* EXCERPTED DATA:
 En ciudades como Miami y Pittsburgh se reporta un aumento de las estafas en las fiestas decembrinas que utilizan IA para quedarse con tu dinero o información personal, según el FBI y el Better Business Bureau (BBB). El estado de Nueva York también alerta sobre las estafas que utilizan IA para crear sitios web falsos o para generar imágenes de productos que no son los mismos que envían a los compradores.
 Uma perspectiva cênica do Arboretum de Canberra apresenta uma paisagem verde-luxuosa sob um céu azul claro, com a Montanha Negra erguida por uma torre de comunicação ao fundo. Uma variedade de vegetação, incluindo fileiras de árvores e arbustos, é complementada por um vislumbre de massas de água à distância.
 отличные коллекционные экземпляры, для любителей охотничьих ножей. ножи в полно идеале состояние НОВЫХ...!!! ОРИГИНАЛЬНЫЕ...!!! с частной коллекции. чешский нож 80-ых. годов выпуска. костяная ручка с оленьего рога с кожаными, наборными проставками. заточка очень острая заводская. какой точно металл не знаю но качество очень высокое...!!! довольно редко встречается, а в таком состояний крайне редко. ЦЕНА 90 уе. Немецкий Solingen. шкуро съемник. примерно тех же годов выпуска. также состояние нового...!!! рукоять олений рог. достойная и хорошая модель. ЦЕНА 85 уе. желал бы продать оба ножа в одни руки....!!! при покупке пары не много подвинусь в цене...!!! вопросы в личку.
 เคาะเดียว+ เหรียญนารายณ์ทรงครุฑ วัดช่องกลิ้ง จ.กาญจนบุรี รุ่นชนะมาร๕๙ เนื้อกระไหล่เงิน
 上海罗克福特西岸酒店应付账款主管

--

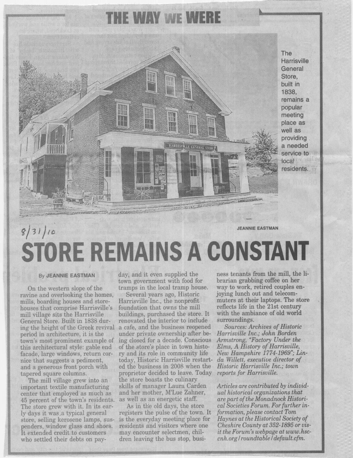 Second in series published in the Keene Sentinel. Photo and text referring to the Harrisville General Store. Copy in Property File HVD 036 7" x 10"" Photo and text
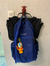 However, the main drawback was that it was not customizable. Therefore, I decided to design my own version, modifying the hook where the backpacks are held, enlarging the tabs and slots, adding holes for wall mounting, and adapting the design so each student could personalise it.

--

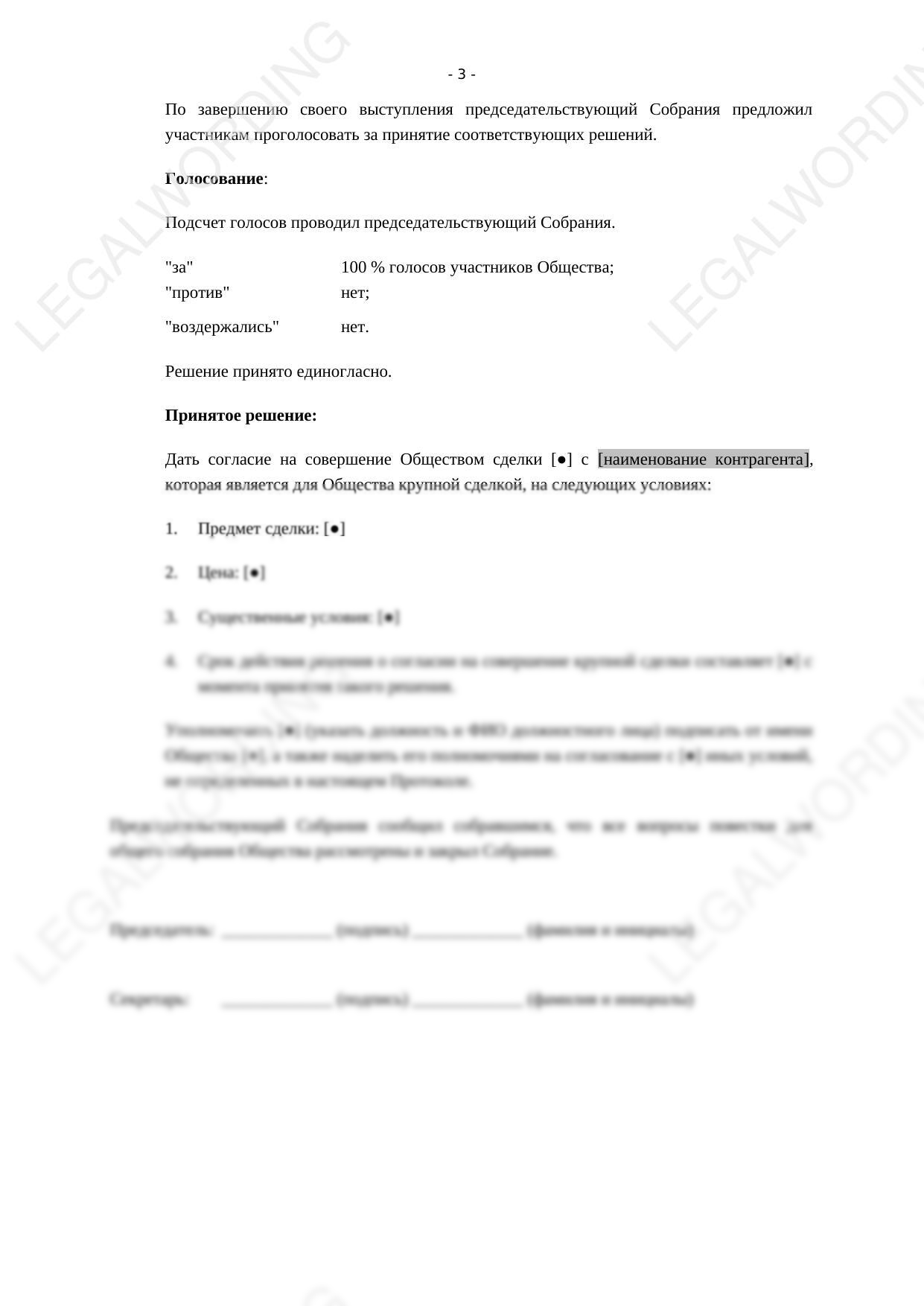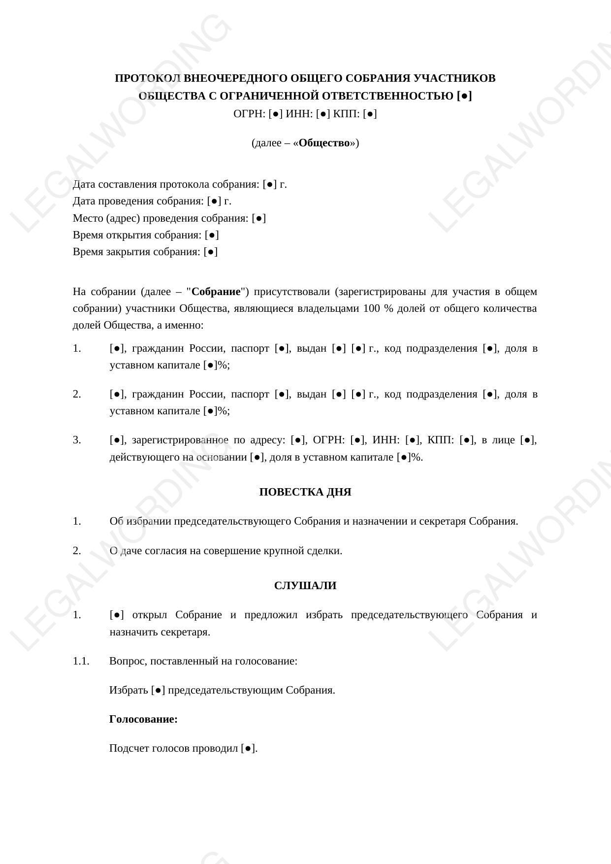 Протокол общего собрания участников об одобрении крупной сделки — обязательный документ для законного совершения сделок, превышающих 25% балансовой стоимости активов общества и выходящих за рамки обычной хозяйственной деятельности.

* TASK DETAILS:
Print, word for word, the lines above that run from the line containing "Second in series" to the line containing "However, the main", both included. Keep the pictures out.

* RESPONSE TO THIS TASK:
 Second in series published in the Keene Sentinel. Photo and text referring to the Harrisville General Store. Copy in Property File HVD 036 7" x 10"" Photo and text
 However, the main drawback was that it was not customizable. Therefore, I decided to design my own version, modifying the hook where the backpacks are held, enlarging the tabs and slots, adding holes for wall mounting, and adapting the design so each student could personalise it.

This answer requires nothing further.